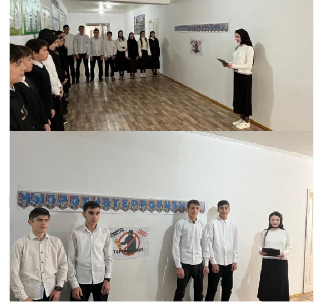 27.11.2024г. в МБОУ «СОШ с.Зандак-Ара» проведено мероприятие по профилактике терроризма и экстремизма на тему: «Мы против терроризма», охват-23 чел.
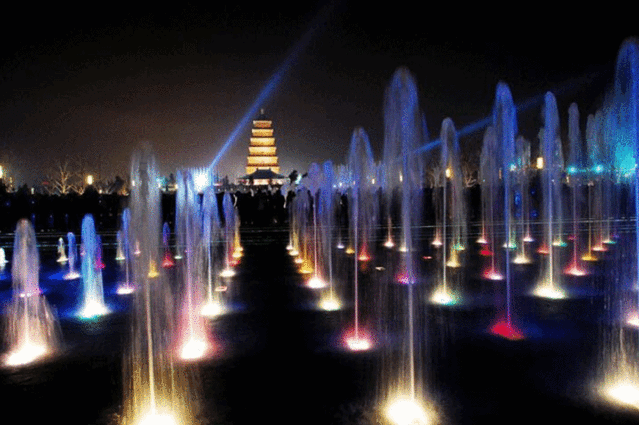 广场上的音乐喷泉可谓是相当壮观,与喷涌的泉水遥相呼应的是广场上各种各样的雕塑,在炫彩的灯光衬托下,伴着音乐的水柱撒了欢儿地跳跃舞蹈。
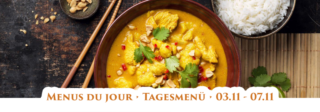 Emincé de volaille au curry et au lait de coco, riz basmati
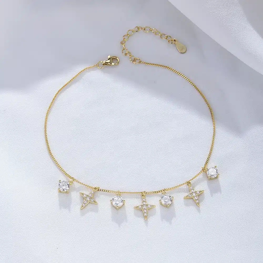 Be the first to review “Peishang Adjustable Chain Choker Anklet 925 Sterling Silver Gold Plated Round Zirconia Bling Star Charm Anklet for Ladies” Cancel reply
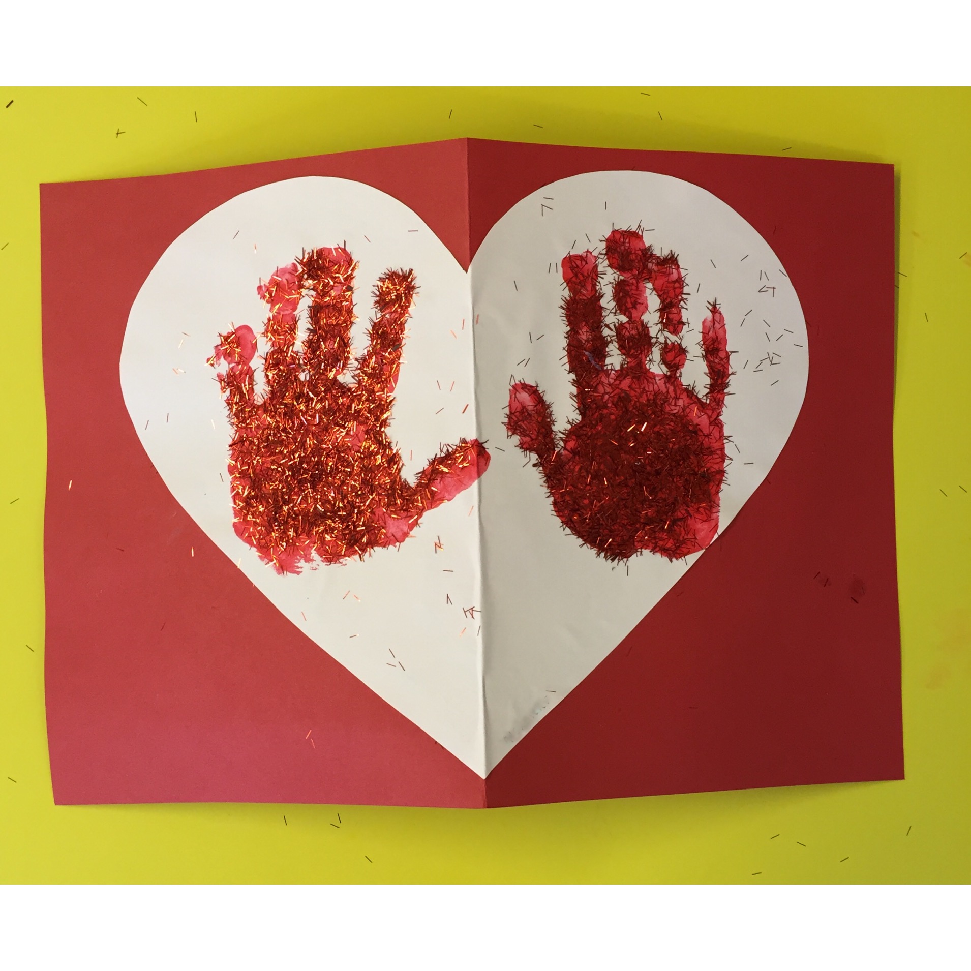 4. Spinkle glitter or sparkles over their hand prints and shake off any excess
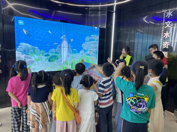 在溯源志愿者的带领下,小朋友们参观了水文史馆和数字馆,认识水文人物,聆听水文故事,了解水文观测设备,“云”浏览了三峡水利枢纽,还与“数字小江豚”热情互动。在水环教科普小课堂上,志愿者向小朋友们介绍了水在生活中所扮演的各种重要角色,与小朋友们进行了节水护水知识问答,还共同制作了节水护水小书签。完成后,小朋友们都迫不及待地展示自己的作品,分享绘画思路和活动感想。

********************

Would you print all of the entries exactly, omitting any image?

 27.11.2024г. в МБОУ «СОШ с.Зандак-Ара» проведено мероприятие по профилактике терроризма и экстремизма на тему: «Мы против терроризма», охват-23 чел.
 广场上的音乐喷泉可谓是相当壮观,与喷涌的泉水遥相呼应的是广场上各种各样的雕塑,在炫彩的灯光衬托下,伴着音乐的水柱撒了欢儿地跳跃舞蹈。
 Emincé de volaille au curry et au lait de coco, riz basmati
 Be the first to review “Peishang Adjustable Chain Choker Anklet 925 Sterling Silver Gold Plated Round Zirconia Bling Star Charm Anklet for Ladies” Cancel reply
 4. Spinkle glitter or sparkles over their hand prints and shake off any excess
 在溯源志愿者的带领下,小朋友们参观了水文史馆和数字馆,认识水文人物,聆听水文故事,了解水文观测设备,“云”浏览了三峡水利枢纽,还与“数字小江豚”热情互动。在水环教科普小课堂上,志愿者向小朋友们介绍了水在生活中所扮演的各种重要角色,与小朋友们进行了节水护水知识问答,还共同制作了节水护水小书签。完成后,小朋友们都迫不及待地展示自己的作品,分享绘画思路和活动感想。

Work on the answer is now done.